They are the ( clichéd, mind-numbing, sophomoric ) battle of the sexes in two successful Italian comedies – Maschi Contro Femmine (Men vs Women) and Femmine Contro Maschi (Women vs Men) – neither of which are available for US DVD players and neither of which I would particularly recommend. So why am I writing about them? I guess because I just can’t stop thinking about them. What makes something funny is such an enigma, particularly in films from other countries, and the definition of “funny” can be wildly different from one person to the next. I suppose that explains why filmmakers are always making comedies with the lowest common denominator. I guess that’s why so many of them suck and/or are popular at the same time.
I saw Femmine Contro Maschi (women against men) , the second of the two to be released, in the theater when I was in Rome in February . When I wrote about it I compared it to an old American TV show called Love American Style – maybe The Love Boat or Fantasy Island would have been more recognizable references. You know those shows; the ones with vignettes featuring washed-up stars in implausible, tedious and not very funny relationship stories. A couple in Femmine Contro Maschi were mildly amusing, like when one husband got amnesia and the wife decided to “reinvent” him, telling him that he hated soccer and loved piano lessons. In another, a man didn’t want his mother to know that he was divorced so he got his ex-wife and kids together to film fake family vacation videos. Sitcom stuff.
I think that maybe the director of the two movies, Fausto Brizzi, was going for a kind of “Love Actually” rip-off ( I hated that one, too, so take that into consideration). The Maschi/Femmine chronicles, like Love Actually, have stars that aren’t so washed up and deserve better roles, but I guess movie stars like high paying jobs and the chance to make some money can’t be underestimated. Stars like Paola Cortellesi, who won the best actress award for Nessuno mi Può Gudicare and Claudio Bisio, who was so charming in Si Può Fare and Benvenuti al Sud camp it up, and probably had fun doing it, but I just can’t believe that the movies are funny enough to be successful. And I can’t believe that comedies couldn’t be a little smarter and still make money.

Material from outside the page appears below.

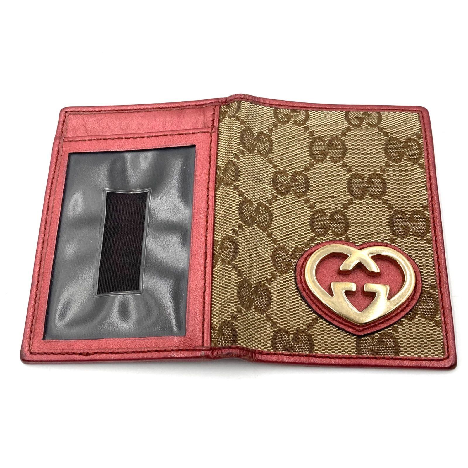 ■美品■GUCCI グッチ GGキャンバス パスケース カードケース ハートシェイプインターロッキングG キャンバス×レザー ブラウン×レッド ゴールド金具 イタリア製 刻印あり 251848・496085

I watched Maschi Contro Femmine (Men vs. Women) last night and it was much worse. It has a lesbian and her guy roommate who are after the same (idiotic) bi-sexual girl, a man trying to be faithful to his wife (who has a new baby) while a blond chippy throws herself at him, a woman who finds her husband screwing a beautiful young woman (and he’s definitely not handsome or rich enough for me to believe for 1 second he could actually get) and the one with Cortellessi, about a crunchy young “Green Peace” do-gooder woman that falls in love with her sleazy, playboy neighbor. All. Really. Dumb.
It’s no different here in the US – we churn out stupid comedies like there’s no tomorrow and like there’s no way to do it any differently. But I happen to know that there is. The recent American movies like Bridesmaids and Cedar Rapids, and the Italian Benvenuti al Sud, for example, show that comedies can have substance and still be really silly at the same time. Maybe 99% of comedies aren’t fresh because we don’t demand freshness. Maybe we need to start rejecting the rotten apples and demand better comedies – in all languages.